Clinical Human Whole Genome Sequencing
Nic Volker and Howard Jacob at the grand opening of The Smith Family Clinic for Genomic Medicine
Working alongside other labs at HudsonAlpha and with The Smith Family Clinic for Genomic Medicine, the Jacob Lab implements whole genome sequencing of patients to determine the genetic changes that result in disease. A major focus in the lab has involved the study of rare diseases, which was initiated with the project to help save Nicholas Volker’s life, as can be read about in the Pulitzer-prize winning news series One in a Billion: A Boy’s Life, A Medical Mystery.

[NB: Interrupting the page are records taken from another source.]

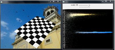 在直方图中,你可以看到H=100和S=200附近的一些高值,它对应于天空的蓝色.同样,在H=25和S=100附近也可以看到另一个峰值,它对应着宫殿的黄色.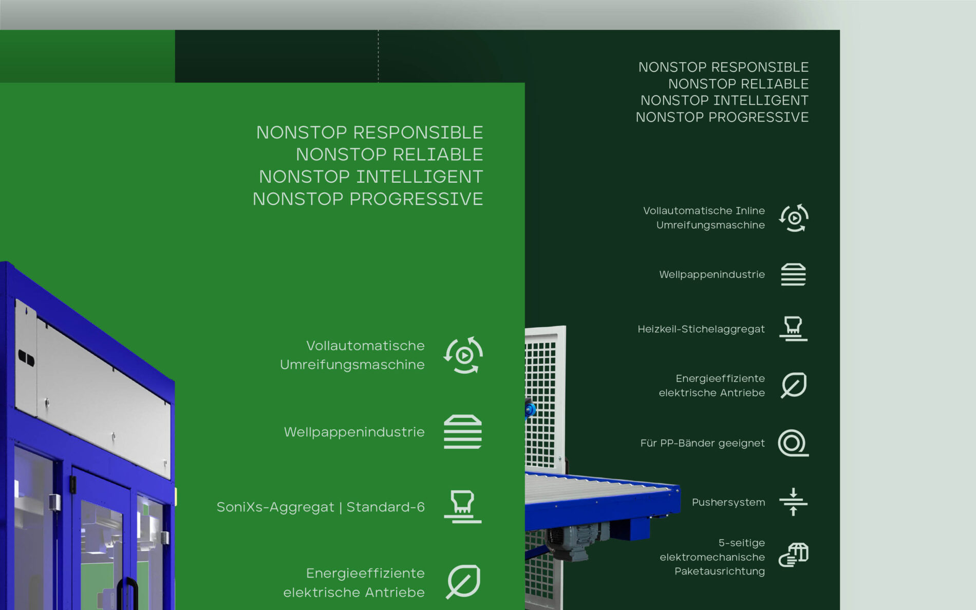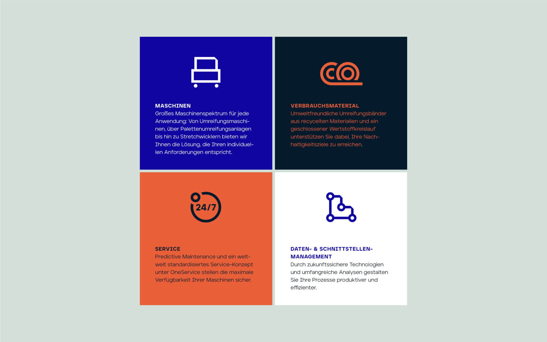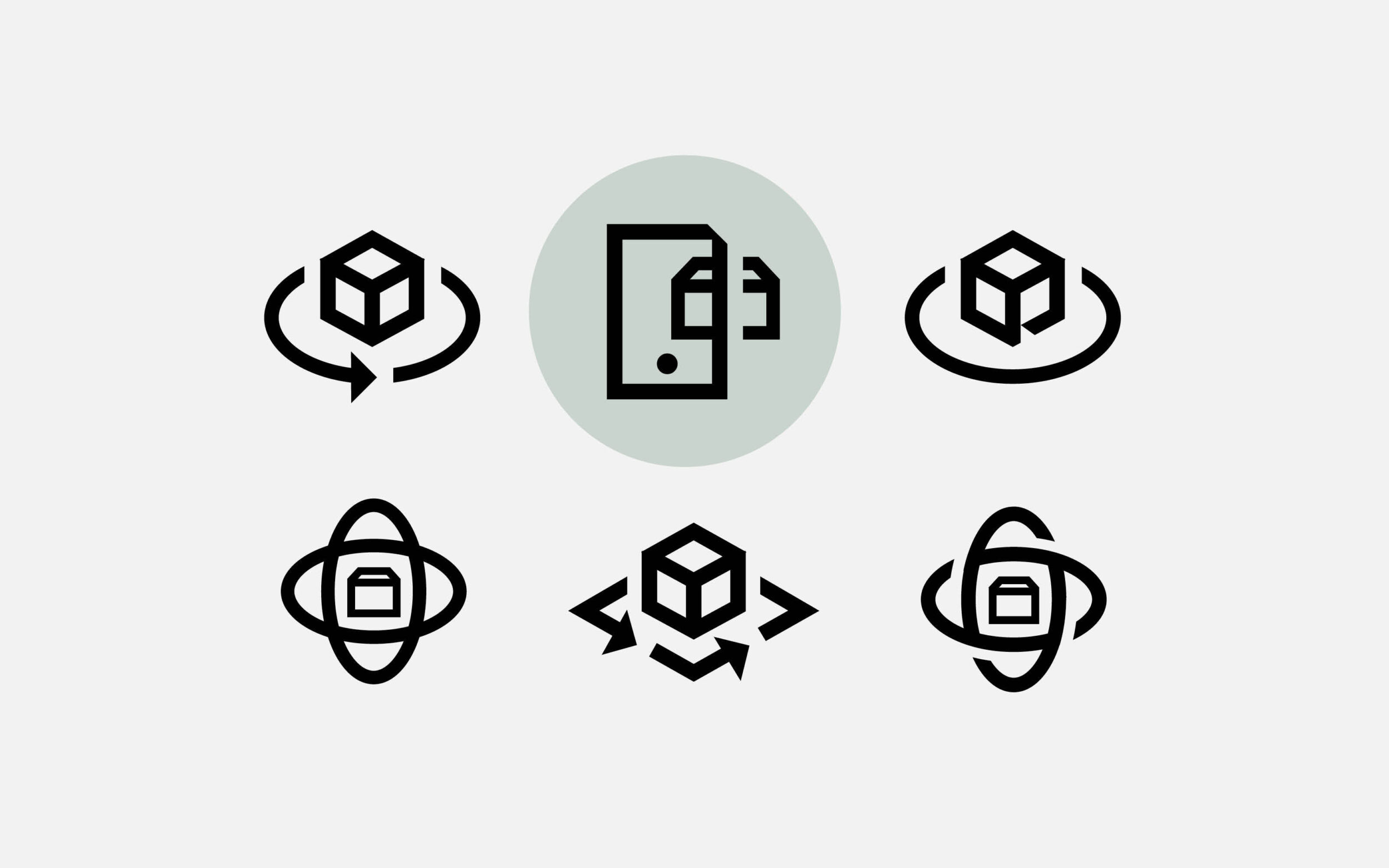 The Mosca house font inspired the design of the icons. While some were solved with a few drafts, others, like the icon for virtual showrooms, were more challenging to translate into a focussed visual language. Simplifying high-tech machines into recognisable and minimal icons was an exciting challenge for people outside Mosca’s specialist industry.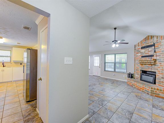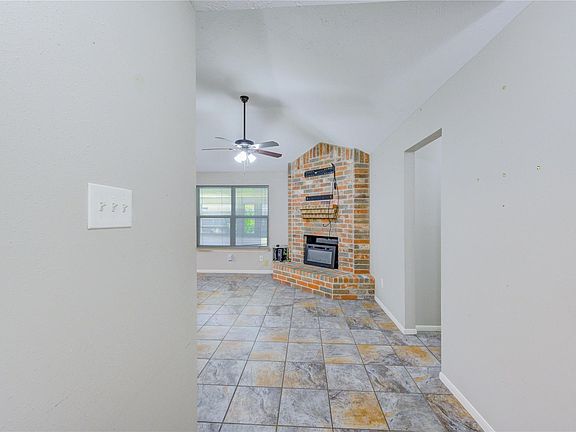 Tucked in a quiet, established neighborhood, this charming one-story offers smart upgrades and flexible space. The open living area features a cozy brick fireplace and flows into an updated kitchen with stainless appliances. A dedicated office/flex room adds extra versatility. The spacious primary suite includes dual sinks and great storage. Enjoy year-round use of the enclosed back patio/sunroom, perfect for relaxing or entertaining. Outside, the large fenced yard is easy to maintain and comes equipped with leaf guard gutters, a whole-house generator, and fully paid-off solar panels to keep utilities low and power secure. No carpet in main areas and move-in ready with room to personalize. Hard to find this much value at this price!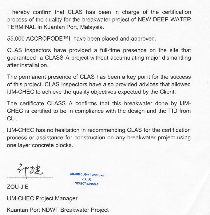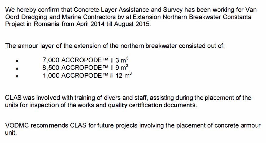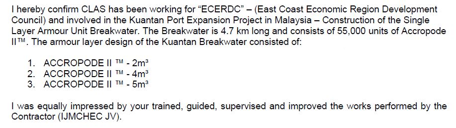 “Quiero agradecerles personalmente la gran contribución al proyecto ZAKUM con la colocación de X-bloc ® y ACCROPODE™II y mantener la buena relación durante la ejecución de las obras, con todos en obra y con el cliente también.
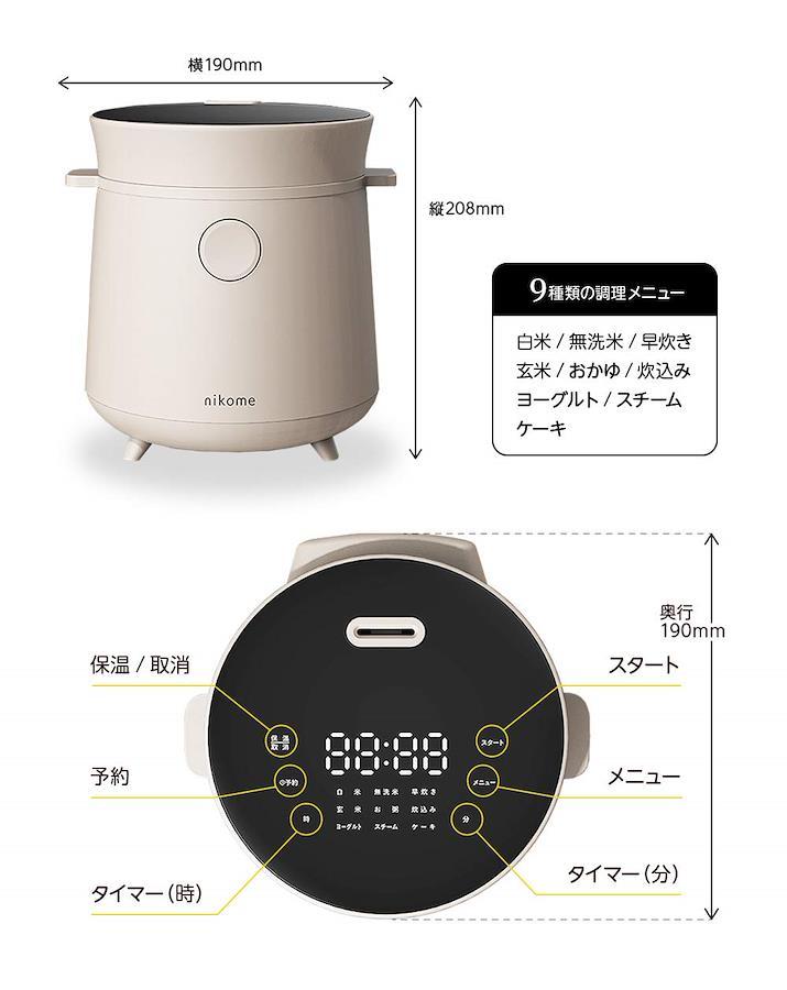 ●マルチな調理機能!全9種類●≪特長≫●・シンプルでおしゃれなデザインがご家庭のキッチン回りをおしゃれに楽しく演出!●・9つのモード(白米、無洗米、早炊き、玄米、お粥、炊き込み、スチーム、ヨーグルト、ケーキ)で炊く、煮る、蒸すなど調理機能充実。●・管理栄養士、フードコーディネーターの北嶋佳奈さんが監修するレシピブック付き。●・ひとり暮らしの方のファースト家電、ご家族がいるご家庭のセカンド家電として幅広く対応。●≪仕様≫●・定格:AC100V 50/60Hz●・消費電力:300W●・重量:約1.55kg●・コード長さ:訳1.1

While each rare disease occurs in <200,000 individuals, the combination of all rare diseases amounts to a significant impact in the healthcare system. Rare diseases collectively are not rare, with more than 7,000 categorized results in over 25 million affected individuals in the United States. The lack of clear biological and molecular markers contributes to the failure for diagnosis. Whole genome/exome sequencing has emerged as a powerful platform to identify genetic contributions to undiagnosed diseases. Howard Jacob serves as the PI for the NIH U01, titled “Clinical Genome Wide Sequencing Core for the Undiagnosed Disease Network,” a project that hopes to bring answers to the thousands of people searching for the cause of their diseases.
For undiagnosed diseases, genomic sequencing (exome or genome) has improved the rate of diagnosis by at least 30 percent, leaving about 70 percent of the clinical cases with a list of Variants of Uncertain Significance (VUS) or variants identified in a Gene of Uncertain Significance (GUS). Therefore, characterization to determine the causal variant is still needed.